1. Genetic mutations: Certain genetic mutations, such as those in the MEN1 gene, can increase the risk of developing pancreatic neuroendocrine tumors.

2. Environmental factors: Exposure to certain environmental toxins, such as pesticides, may increase the risk of developing pancreatic neuroendocrine tumors.

3. Family history: Having a family history of pancreatic neuroendocrine tumors may increase the risk of developing the condition.

4. Other medical conditions: Having certain medical conditions, such as type 1 diabetes, can increase the risk of developing pancreatic neuroendocrine tumors.

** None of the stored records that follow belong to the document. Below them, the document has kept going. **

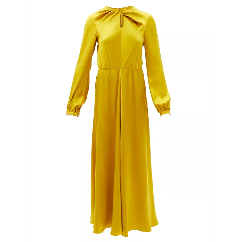Golden yellow σατέν μάξι φόρεμα Giambattista Valli, matchesfashion.com.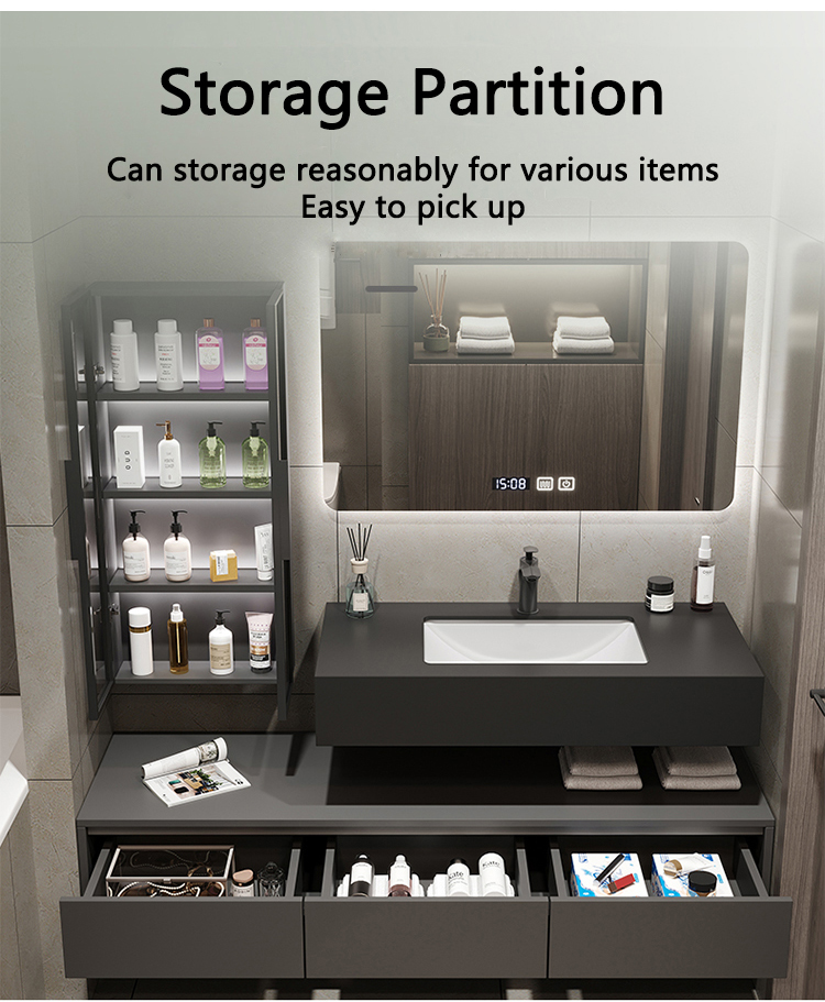 2022 new grey marble bathroom cabinet Modern solid wood Floating bathroom vanity with mirror
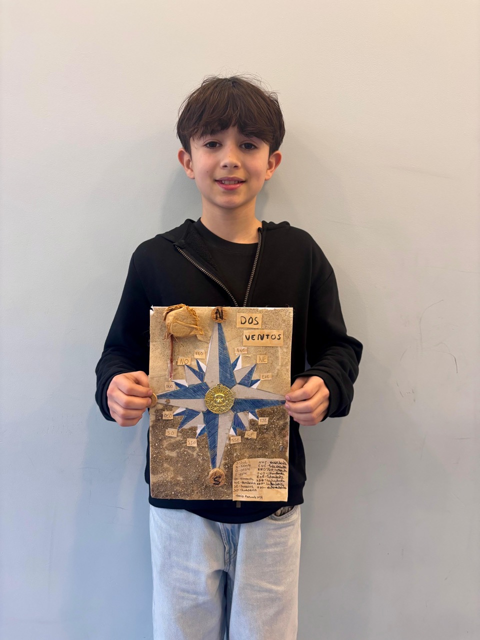 Os alunos do 7.º ano foram desafiados a construir uma rosa dos ventos utilizando apenas materiais reciclados. O júri, composto por membros da comunidade escolar, avaliou os trabalhos com base na precisão geográfica, criatividade e utilização de materiais reciclados. O vencedor foi o aluno Vasco Parente.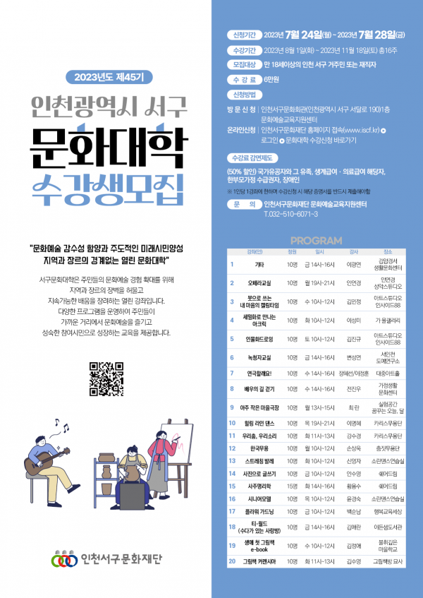 [금요저널] 서구문화재단이 오는 24일부터 28일까지 총 20개 강좌에서 ‘서구 문화대학’ 하반기 수강생을 모집한다.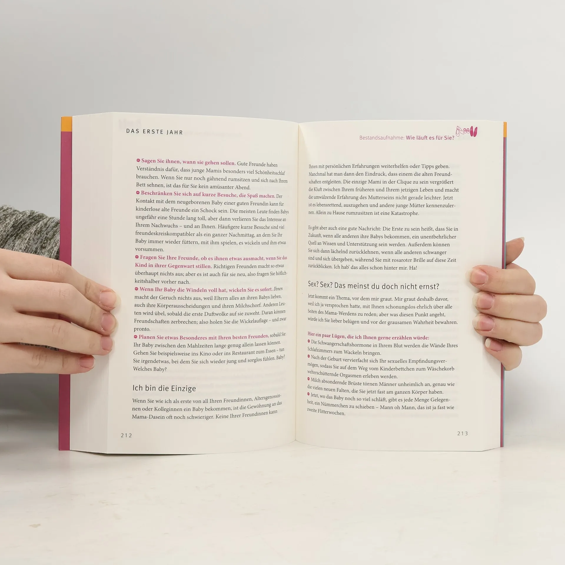 Liz Fraser hat auf Basis ihrer eigenen drei Schwangerschaften und Erfahrungen mit ihren Kindern einen pragmatischen, witzigen, außergewöhnlichen Mama-Ratgeber geschrieben: Sie erklärt wie eine gute Freundin, offen und ehrlich, wie es ist, schwanger zu werden, ein Baby zu bekommen und mit Kleinkind zu leben. Die klassischen Themen von Schwangerschafts- und Babybüchern streift sie eher am Rande. Vielmehr gibt sie frischen, humorvollen Rat für das Leben und die Gefühlslagen in anderen Umständen. Zum Beispiel: Wie lässt man am besten die Bombe platzen, dass man schwanger ist? Welche Vorlieben sollte man vor der Geburt noch mal richtig genießen? Wie kann man einen lieben langen Tag mit einem Neugeborenen ausfüllen? Keine Lust auf Sex nach der Geburt - was tun? Dieser Ratgeber der anderen Art, den man wie einen Roman durchschmökern kann, begleitet werdende und frisch gebackene Mamas dabei, langsam in die neue Rolle hineinzuwachsen und nach der eigenen Vorstellung glücklich zu werden.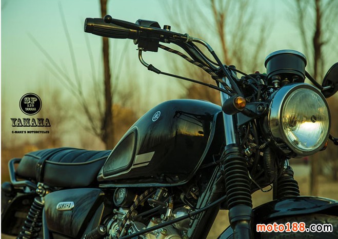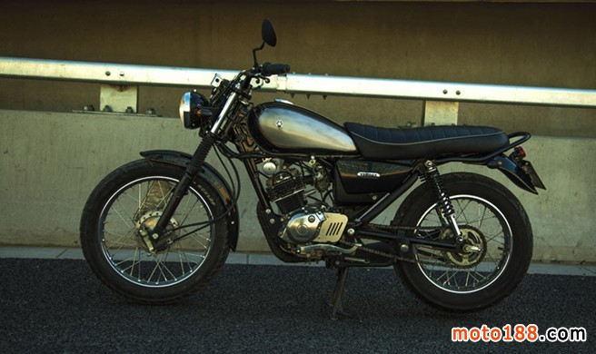 雅馬哈天俊有農村車的基礎,低調的選擇黑色。作為此車的規劃師,覺得黑色款是最適合這種傳統設計的車型。車到手不滿意的地方很多,目標就是折騰至滿意,有今天的這個樣子完全依賴了淘寶上的配件、汽配城的皮具加工、五金店的各種螺絲、樓下不銹鋼加工的小工,還有汽車鈑金噴漆的作坊,自己僅僅完成了外觀的設計和組合,也包括一些小件的改進制作:鋁制車后內擋泥板、鐵制儀表架和燈架、排氣管尾嘴、鋁制過濾瓶等等。因工作繁忙,工具欠缺,從11月到現在改造歷時2個月,之后騎行1年過程中又陸陸續續進行了部分改進。此帖記錄了我對天俊進行的歷時1年多的改進過程,如果有新的改進還會陸續更新與摩友分享。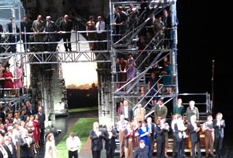 Dès le second acte, dans les mêmes espaces: la scène est constituée comme au premier acte d'une ruine de portail monumental gothique et de quelques piliers et de pans de mur, installés sur une tournette, qui ainsi amène sans cesse un changement d'espace et une mobilité des foules, sans que le plateau n'ait à être modifié. Le fond de scène a changé, des ruines on est passé aux grues, on reconstruit...on commence alors à comprendre le propos de Kupfer, qui inscrit ces Maîtres dans un contexte particulier et dans un univers qui est au fond l'opposé de celui de Katharina Wagner à Bayreuth, qui fait des Maîtres une réflexion sur le conformisme en art, sur le populisme et le refus de la marginalité. L'univers de Kupfer est d'abord un univers incroyablement optimiste. Lui qui vient de l'Est et qui a été marqué par une culture scénique plutôt idéologique, le voilà qui fait de ce symbole d'une germanité qu'on a tendance à refuser (Les Maîtres Chanteurs furent le seul opéra de Wagner qui trouva grâce aux yeux du nazisme finissant, et qui eut droit d'être représenté à Bayreuth jusqu'à la fin) le symbole d'une germanité et d'une Allemagne retrouvées, dans le bonheur et la joie d'un futur ouvert et réussi, une germanité ouverte et moderne. De fait, le troisième acte se déroule sur fond d'Allemagne reconstruite (gratte-ciels), seuls les échafaudages subsistent autour de l'église centrale, mais on s'imagine bien que bientôt, tout sera reconstruit (on pense irrésistiblement à la Frauenkirche de Dresde). Dans une Allemagne qui retrouve sa place et sa tradition, les Maîtres retrouvent le symbolique positive et non pervertie... Kupfer nous étonnera toujours. On était loin de s'attendre de sa part à une lecture aussi ouverte et aussi positive de cette œuvre. Il en résulte donc à la fois une construction très précise des personnages, une attention à garder à la fois la fraîcheur et les gestes de la comédie - si j'osais, je dirais aussi...de l'opérette. la Festswiese est un authentique défilé des corporations, mais un défilé comme on en voit dans les carnavals d'aujourd'hui, si populaires encore en Allemagne (voir le Carnaval de Mayence, par exemple);
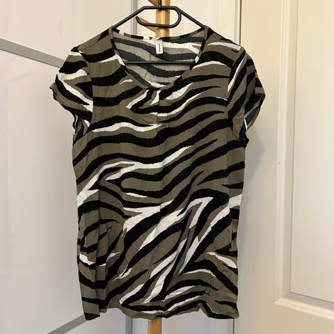 Rigtig fin tynd bluse med 3/4 ærmer, med striber som giver slimming effekt. Sidder rigtig fint. Er i rosa/grå/sort/hvid nuancer. Er fra Soyaconcept og købt i Magasin, str. XL. Brystmål er ca. 120cm. Brugt meget lidt og er som ny. Fra dyrefrit/røgfri hjem.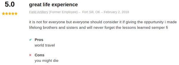 - https://www.indeed.com/cmp/U.S.-Marine-Corps/reviews?fjobtitle=Field+Artillery+Firefinder+Radar+Operator&fcountry=ALL

1. Surgery: Surgery is the primary treatment for pancreatic neuroendocrine tumors. Depending on the size and location of the tumor, the surgeon may remove the entire tumor or just a portion of it.

2. Radiation Therapy: Radiation therapy may be used to shrink the tumor before or after surgery.

3. Chemotherapy: Chemotherapy may be used to shrink the tumor before or after surgery.

4. Targeted Therapy: Targeted therapy is a type of treatment that uses drugs to target specific molecules in the tumor cells. This type of therapy may be used to shrink the tumor before or after surgery.

5. Immunotherapy: Immunotherapy is a type of treatment that uses the body’s own immune system to fight the tumor. This type of therapy may be used to shrink the tumor before or after surgery.

1. Family history of pancreatic cancer
2. Personal history of pancreatic cancer
3. Personal history of other cancers
4. Genetic syndromes associated with pancreatic cancer
5. Smoking
6. Obesity
7. Diabetes
8. Chronic pancreatitis
9. Age (over 50)
10. Gender (male)
11. Exposure to certain chemicals or radiation

There is no cure for pancreatic neuroendocrine (islet cell) tumors. Treatment options depend on the type and stage of the tumor. Treatment may include surgery, chemotherapy, radiation therapy, targeted therapy, and/or hormone therapy. Imaging tests such as CT scans, MRI scans, and PET scans are used to help diagnose and monitor the tumor.